Task goal:
Images in the data are to be skipped, while every line is restated exactly as written.

___ Records supplied ___

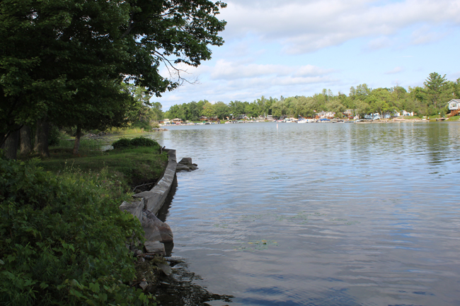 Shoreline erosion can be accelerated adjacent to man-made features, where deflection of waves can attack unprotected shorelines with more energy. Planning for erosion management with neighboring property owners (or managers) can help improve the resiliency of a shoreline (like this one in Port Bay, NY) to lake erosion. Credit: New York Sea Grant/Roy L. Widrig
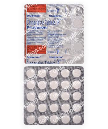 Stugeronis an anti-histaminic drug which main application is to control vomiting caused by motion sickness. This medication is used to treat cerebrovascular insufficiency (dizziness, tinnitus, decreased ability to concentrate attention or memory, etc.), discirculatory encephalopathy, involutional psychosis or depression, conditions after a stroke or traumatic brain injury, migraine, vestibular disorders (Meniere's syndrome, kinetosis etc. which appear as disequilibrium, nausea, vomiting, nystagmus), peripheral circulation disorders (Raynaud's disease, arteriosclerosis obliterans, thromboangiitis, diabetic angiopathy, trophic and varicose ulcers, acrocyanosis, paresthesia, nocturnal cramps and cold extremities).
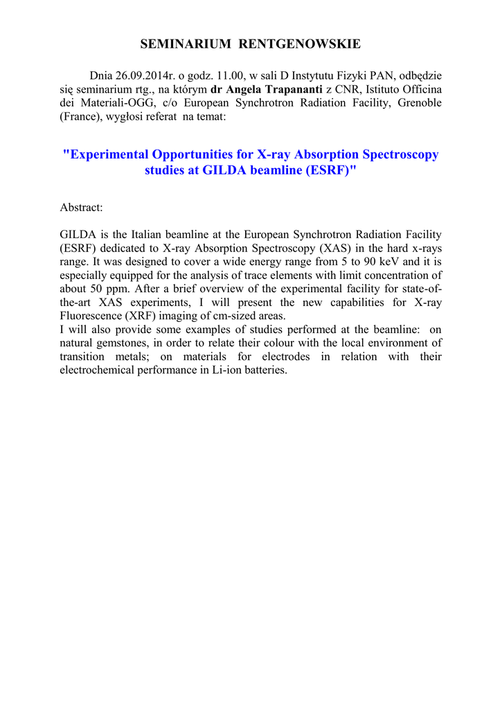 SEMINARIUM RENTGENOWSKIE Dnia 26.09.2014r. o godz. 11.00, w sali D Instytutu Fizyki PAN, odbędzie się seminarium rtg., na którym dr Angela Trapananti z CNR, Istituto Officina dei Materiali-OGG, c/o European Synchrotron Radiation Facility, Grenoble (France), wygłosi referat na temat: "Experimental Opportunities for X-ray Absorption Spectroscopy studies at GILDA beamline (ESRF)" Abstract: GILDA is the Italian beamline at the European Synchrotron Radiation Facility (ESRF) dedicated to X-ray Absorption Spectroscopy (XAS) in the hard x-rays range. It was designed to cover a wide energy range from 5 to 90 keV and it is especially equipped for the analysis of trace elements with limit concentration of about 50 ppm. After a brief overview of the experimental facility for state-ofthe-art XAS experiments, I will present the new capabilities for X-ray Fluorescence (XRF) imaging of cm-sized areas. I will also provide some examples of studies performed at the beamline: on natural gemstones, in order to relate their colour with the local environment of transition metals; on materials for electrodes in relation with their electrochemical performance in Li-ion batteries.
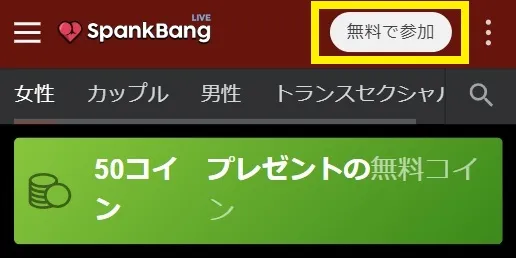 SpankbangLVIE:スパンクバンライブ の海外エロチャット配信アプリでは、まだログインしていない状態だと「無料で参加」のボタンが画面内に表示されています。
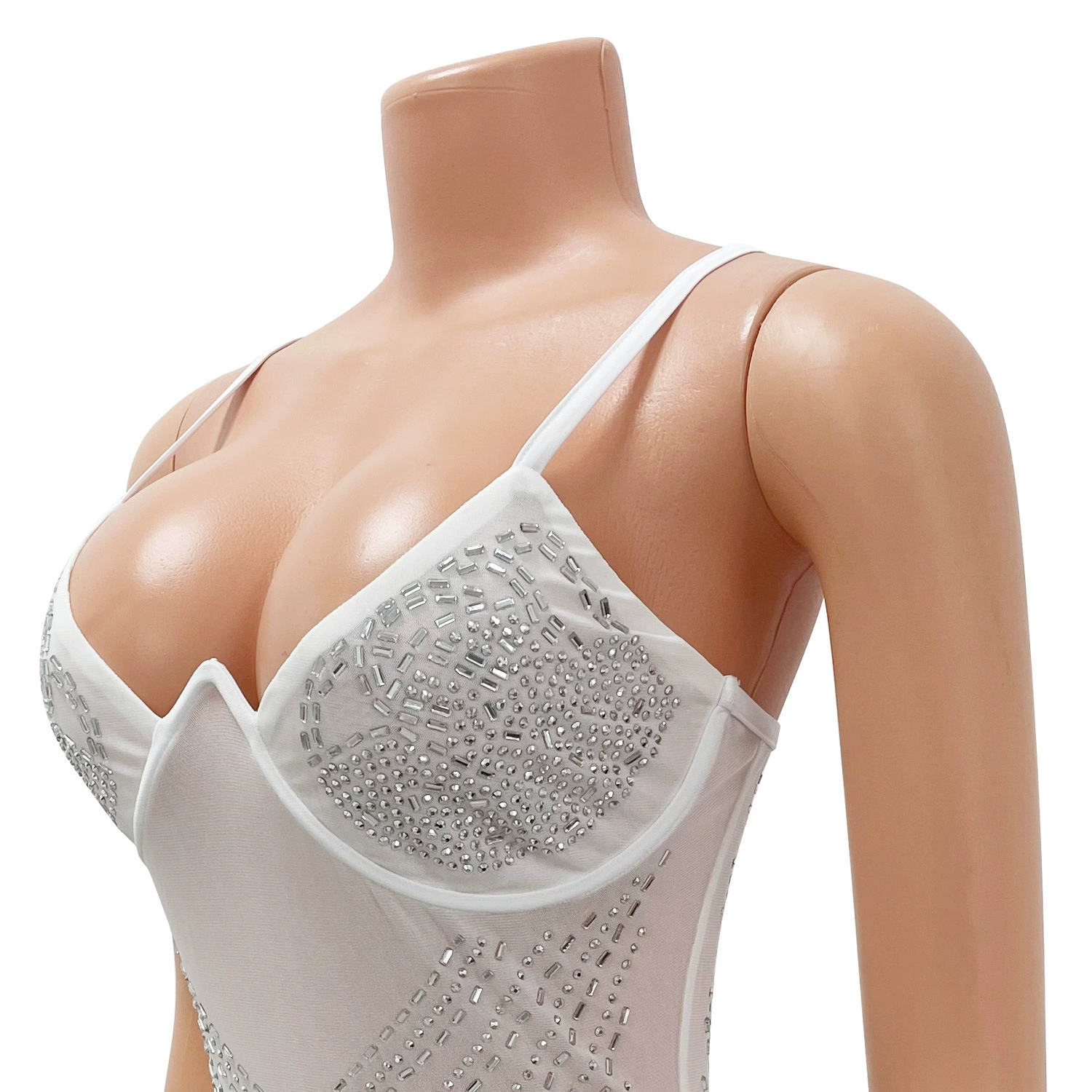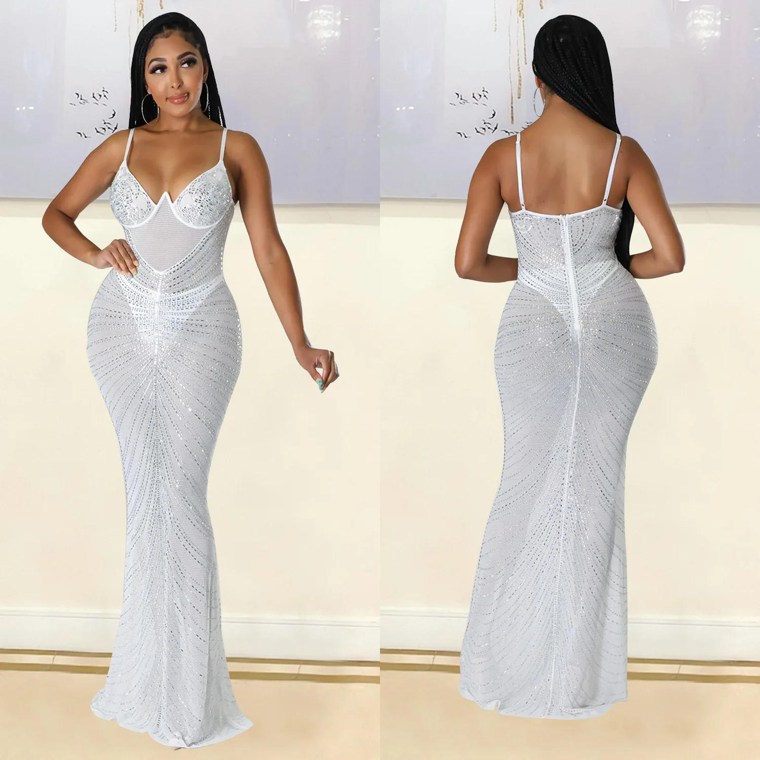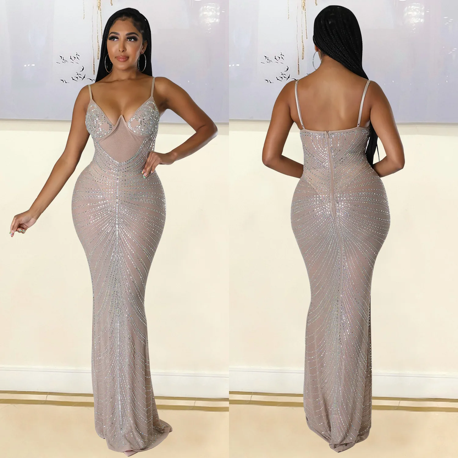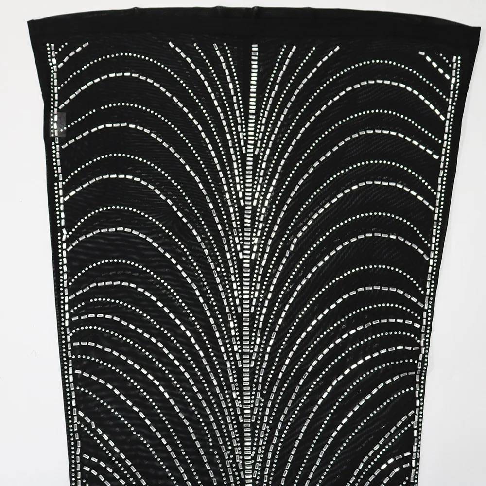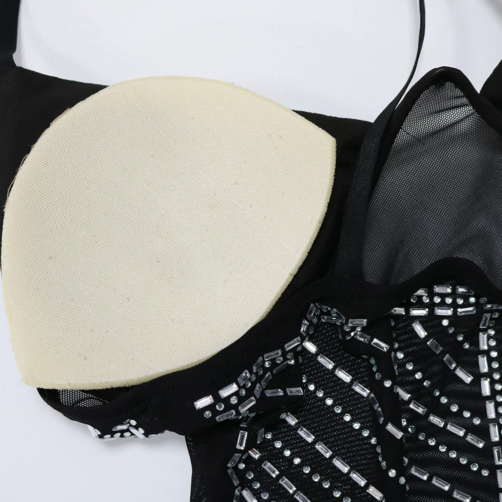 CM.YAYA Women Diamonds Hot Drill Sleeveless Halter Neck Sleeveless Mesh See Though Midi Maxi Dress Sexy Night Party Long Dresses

___

Solution for this task:
 Shoreline erosion can be accelerated adjacent to man-made features, where deflection of waves can attack unprotected shorelines with more energy. Planning for erosion management with neighboring property owners (or managers) can help improve the resiliency of a shoreline (like this one in Port Bay, NY) to lake erosion. Credit: New York Sea Grant/Roy L. Widrig
 Stugeronis an anti-histaminic drug which main application is to control vomiting caused by motion sickness. This medication is used to treat cerebrovascular insufficiency (dizziness, tinnitus, decreased ability to concentrate attention or memory, etc.), discirculatory encephalopathy, involutional psychosis or depression, conditions after a stroke or traumatic brain injury, migraine, vestibular disorders (Meniere's syndrome, kinetosis etc. which appear as disequilibrium, nausea, vomiting, nystagmus), peripheral circulation disorders (Raynaud's disease, arteriosclerosis obliterans, thromboangiitis, diabetic angiopathy, trophic and varicose ulcers, acrocyanosis, paresthesia, nocturnal cramps and cold extremities).
 SEMINARIUM RENTGENOWSKIE Dnia 26.09.2014r. o godz. 11.00, w sali D Instytutu Fizyki PAN, odbędzie się seminarium rtg., na którym dr Angela Trapananti z CNR, Istituto Officina dei Materiali-OGG, c/o European Synchrotron Radiation Facility, Grenoble (France), wygłosi referat na temat: "Experimental Opportunities for X-ray Absorption Spectroscopy studies at GILDA beamline (ESRF)" Abstract: GILDA is the Italian beamline at the European Synchrotron Radiation Facility (ESRF) dedicated to X-ray Absorption Spectroscopy (XAS) in the hard x-rays range. It was designed to cover a wide energy range from 5 to 90 keV and it is especially equipped for the analysis of trace elements with limit concentration of about 50 ppm. After a brief overview of the experimental facility for state-ofthe-art XAS experiments, I will present the new capabilities for X-ray Fluorescence (XRF) imaging of cm-sized areas. I will also provide some examples of studies performed at the beamline: on natural gemstones, in order to relate their colour with the local environment of transition metals; on materials for electrodes in relation with their electrochemical performance in Li-ion batteries.
 SpankbangLVIE:スパンクバンライブ の海外エロチャット配信アプリでは、まだログインしていない状態だと「無料で参加」のボタンが画面内に表示されています。
 CM.YAYA Women Diamonds Hot Drill Sleeveless Halter Neck Sleeveless Mesh See Though Midi Maxi Dress Sexy Night Party Long Dresses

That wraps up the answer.